Automatic Hypertext Construction

The unprecedented growth of the World Wide Web illustrates the importance of hypertext as a method for organizing the rapidly expanding amount of on-line text. As document collections become larger and more dynamic, however, it is not feasible to construct more than an occasional hypertext manually. This thesis presents entirely automatic methods for gathering documents for a hypertext, linking them, and annotating those connections with a description of the type or nature of the link. The problem of automatically collecting related documents is addressed in Chapter 2, where robust Information Retrieval methods are applied to form high-quality links between documents. A local context check identifies links where ambiguous vocabulary erroneously suggests a relationship. Dynamic part retrieval is employed to select the portions of documents which are most related, allowing parts to be linked when it is more appropriate to link subtopics than entire documents.

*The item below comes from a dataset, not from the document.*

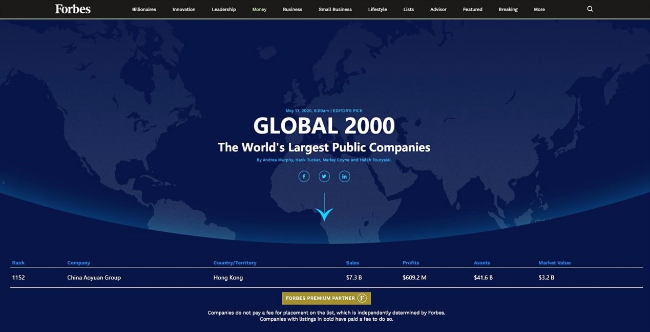 5月13日,全球最具影响力的权威商业杂志之一——《福布斯》发布2020年上市公司2000强榜单。其中,中国MK官方网页版(3883.HK)以73亿美元销售额、6.092亿美元利润、416亿美元总资产和32亿美元市值首次跻身榜单,位列1152名。

Chapter 3 presents a taxonomy of hypertext link types and defines the following three classes of links: ``pattern-matching'''' links can be found using simple string-matching methods, ``manual'''' links require substantial application of natural language understanding methods (which are currently beyond the state of the art), and ``automatic'''' links are those which can be found using the methods of this thesis. Chapter 4 begins the work of automatic link typing by describing two novel graphical techniques for visualizing the relationship between two or more documents. ``Uniform'''' visuals display the relationship between documents or document parts without regard to their relative sizes, whereas ``varying'''' visuals include information about sizes and locations. Both methods highlight relationships between documents and motivate the automatic techniques of Chapter 5. Chapter 5, thus, demonstrates automatic methods for identifying the relationships depicted in the visualizations. Using an approach based upon graph simplification, this method automatically identifies revision, summary, expansion, equivalence, comparison, contrast, tangential, and aggregate links. Chapter 6 discusses an informal evaluation of the link typing. Though somewhat inconclusive, the evaluation demonstrates that automatic document linking performs well, but also indicates that much work remains to be done toward understanding automatic link typing.